**Work order:**
Reprint all of the data below exactly as shown and skip every image.

**Dataset content:**
--*--
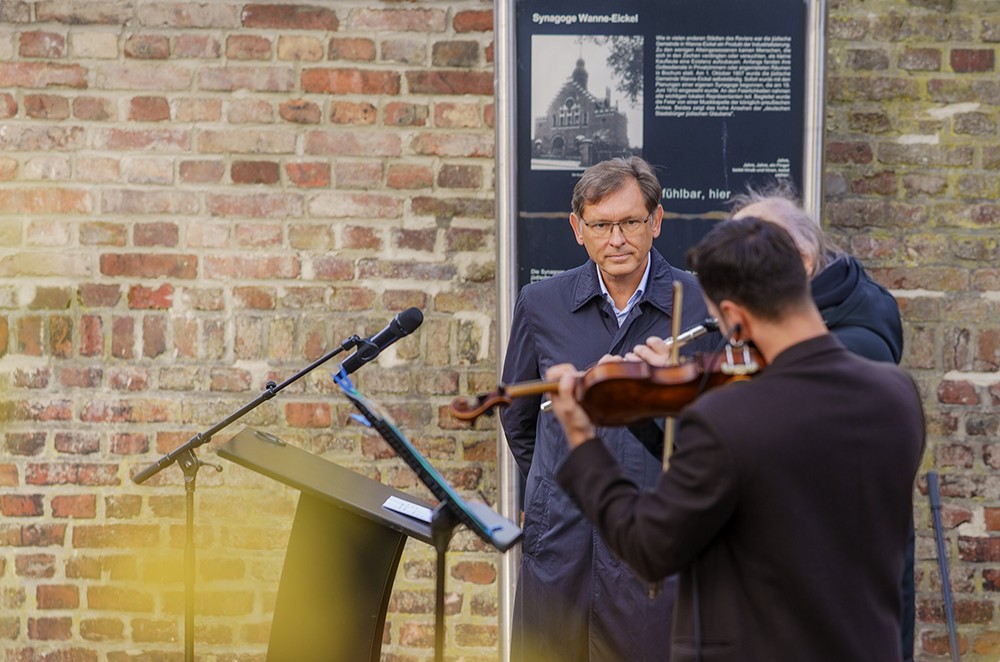 Oberbürgermeister Dr. Frank Dudda zeigte sich besonders erfreut, dass viele Schüler*innen dem Aufruf zu der Gedenkveranstaltung gefolgt waren. Unter den zahlreichen Gästen waren zudem Vertreter*innen verschiedener Religionen, der Politik, der Verwaltung und aus weiteren gesellschaftlichen Gruppen, um zu erinnern und ein Zeichen gegen Gewalt, Hass und Ausgrenzung in der Gesellschaft zu setzen. Den musikalischen Rahmen für das Gedenken setzte – wie auch im vergangenen Jahr – eine Band der Gesamtschule Wanne-Eickel.
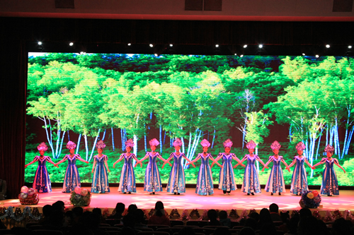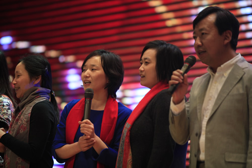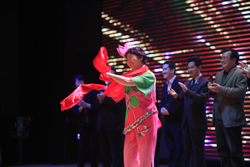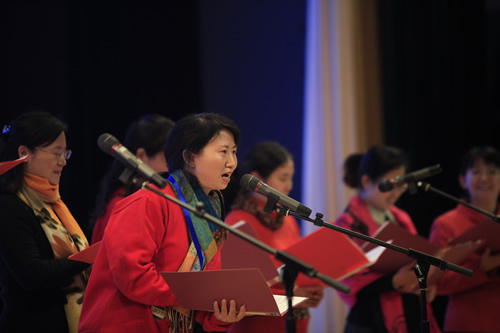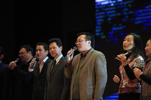 校领导们合唱《大中国》,歌声浑厚悠扬,更是有优美的舞姿相伴,好不活泼热闹!掀起了晚会的第一个高潮。
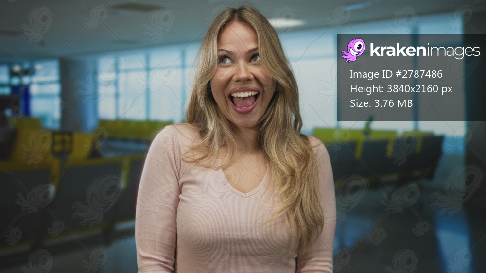 Woman raises hands near face in airport terminal smiling broadly; excitement anticipation joy wanderlust.
--*--
**Solution:**
 Oberbürgermeister Dr. Frank Dudda zeigte sich besonders erfreut, dass viele Schüler*innen dem Aufruf zu der Gedenkveranstaltung gefolgt waren. Unter den zahlreichen Gästen waren zudem Vertreter*innen verschiedener Religionen, der Politik, der Verwaltung und aus weiteren gesellschaftlichen Gruppen, um zu erinnern und ein Zeichen gegen Gewalt, Hass und Ausgrenzung in der Gesellschaft zu setzen. Den musikalischen Rahmen für das Gedenken setzte – wie auch im vergangenen Jahr – eine Band der Gesamtschule Wanne-Eickel.
 校领导们合唱《大中国》,歌声浑厚悠扬,更是有优美的舞姿相伴,好不活泼热闹!掀起了晚会的第一个高潮。
 Woman raises hands near face in airport terminal smiling broadly; excitement anticipation joy wanderlust.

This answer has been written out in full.